North star | Cultural Festivals | Halifax, Nova Scotia | THE COAST

North star

Tanya Tagaq’s entrancing take on traditional throat singing–as a soundtrack to Nanook of the North–will fill the Cohn for In the Dead of Winter.

North star
Ivan Otis

"People forget that we are alive," says Tanya Tagaq. The Inuk throat-singer from Cambridge Bay, Nunavut, has been performing her unique style of traditional throat-singing for over a decade. For In the Dead of Winter, Tagaq will perform her original score to the 1922 film Nanook of the North at the Rebecca Cohn Auditorium on Friday.

"It's a silent film, so it's really fun to do the score live," she says. The Toronto International Film Festival commissioned the project in 2012. A two-time Juno Award nominee and three-time Canadian Aboriginal Music Awards winner, Tagaq was the perfect choice.

"It's a really good concept and it creates a lot of thought," she says. For the performance, Tagaq watched the stark, black and white docudrama by ethnographist Robert Flaherty four times to compose accompanying melodies. She sent her work to Canadian composer Derek Charke, who then created a track of field recordings from Nunavut that forms the structure of the piece.

"That's the skeleton to do the meat around," says Tagaq, who then improvises. After TIFF, Tagaq realized more people needed to see it. Halifax is one date of five across Canada.

"It's such an interesting juxtaposition between the stereotypes and visuals surrounding the graphics of the film from 1922 with, you know, a modern non-traditional Inuk doing the sound," she says. "We enjoyed performing it so much that we didn't want to stop performing it."

Tagaq is excited to return to Halifax, where she completed her BFA at NSCAD from 1994 to 1998, the time in which she began practicing throat-singing. She was homesick and her mother sent her tapes of local singers; Tagaq was inspired to perform the art in her own way.

"The first five years, I was self-trained. Then over the years, I began meeting traditional throat-singers who have been awesome enough to teach me traditional songs so I can sing traditionally, as well," she says.
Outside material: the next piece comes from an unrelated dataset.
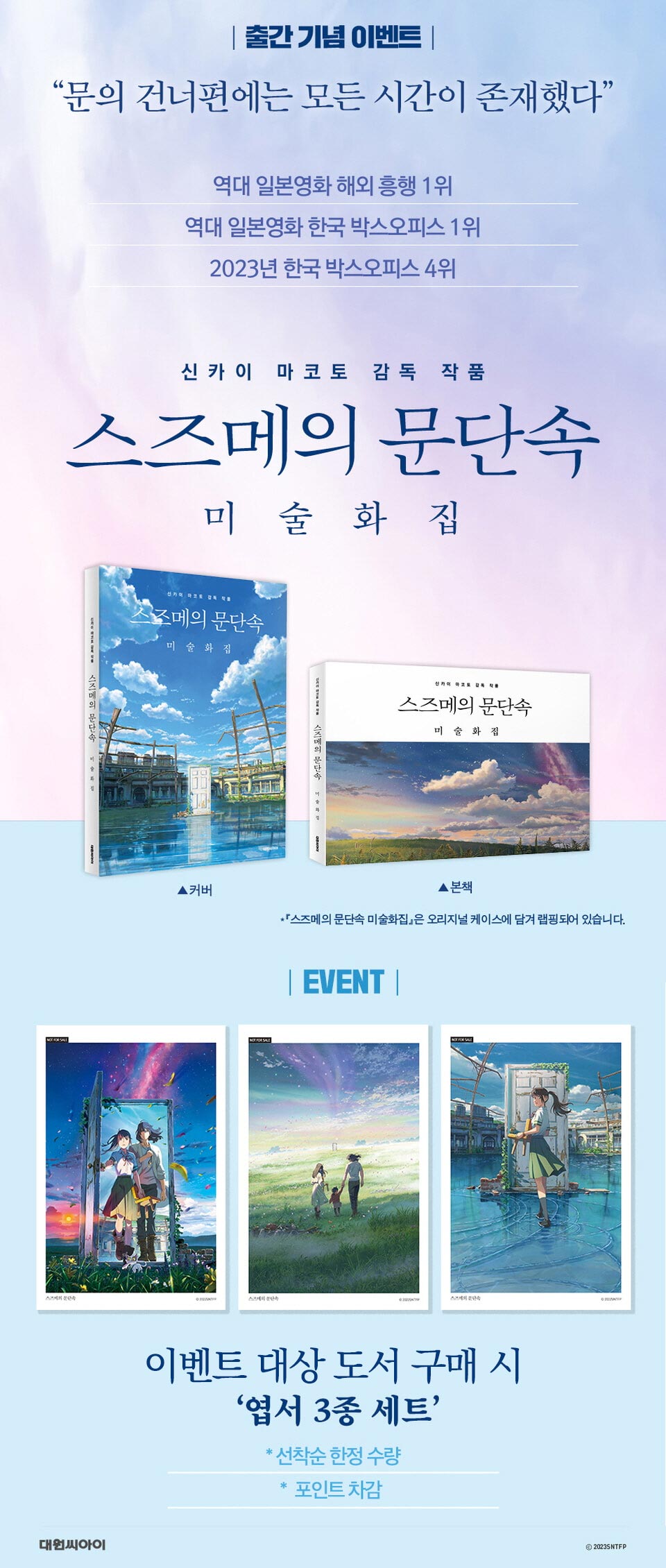 > 『스즈메의 문단속 미술화집』출간 기념 이벤트 - 엽서 세트 증정 (2024.02.23 ~ 2200.12.31)

Her particular style is innovative and separate from tradition.

"People in my own culture are really unhappy with what I do," she says. "I mean, more people support me than don't support me, but I do get a lot of hate and anger from people because I'm not performing traditionally, but I understand that." Her approach is unconventional.

In Inuit culture, throat-singing was performed by two women as a game or competition while men were away, combining voiced inhalations and exhalations with increasing rhythms.

"The songs are like puzzle pieces, and you're fitting together the sounds," she describes. "It gets more complex and quicker and you have to be very fast to switch the songs, to follow the leader and become the leader. It's both a mental competition and a physical competition, to see who will run out of breath first. It was basically a form of entertainment, and that's why I had to pull away from it and do it in my own way, because it had a lot more meaning to me personally."

As an artist, Tagaq is interested in the strange and macabre, which comes across in her performance. She has seen a massive reaction to her performance as a woman in wider culture.

"Traditionally in Inuit culture, there was no shame in sex, for example, it wasn't dirty or wrong. It was beautiful. Then came Christianity and all that bullshit with embarrassment and sin and guilt but right now, when you're true in your femininity, when you're giving birth, or you know your body to really enjoy sex, and when you're really smart and wise enough to raise your children and take care of those around you, that requires a lot of strength. You'll have such incredible intelligence and intuition and all this beauty of being a woman, and I find it very strong for me. I love expressing that strength and the fierce nature that has been suppressed in us.

"The reason I do music and perform is to find a balance in myself, then to find a common denominator with everyone in the room at the moment, to see how far away from reality we can get and, in actuality, how close to reality we can get. People forget to cherish the moment. If you're emotionally, physically and mentally well, you're the richest person in the world."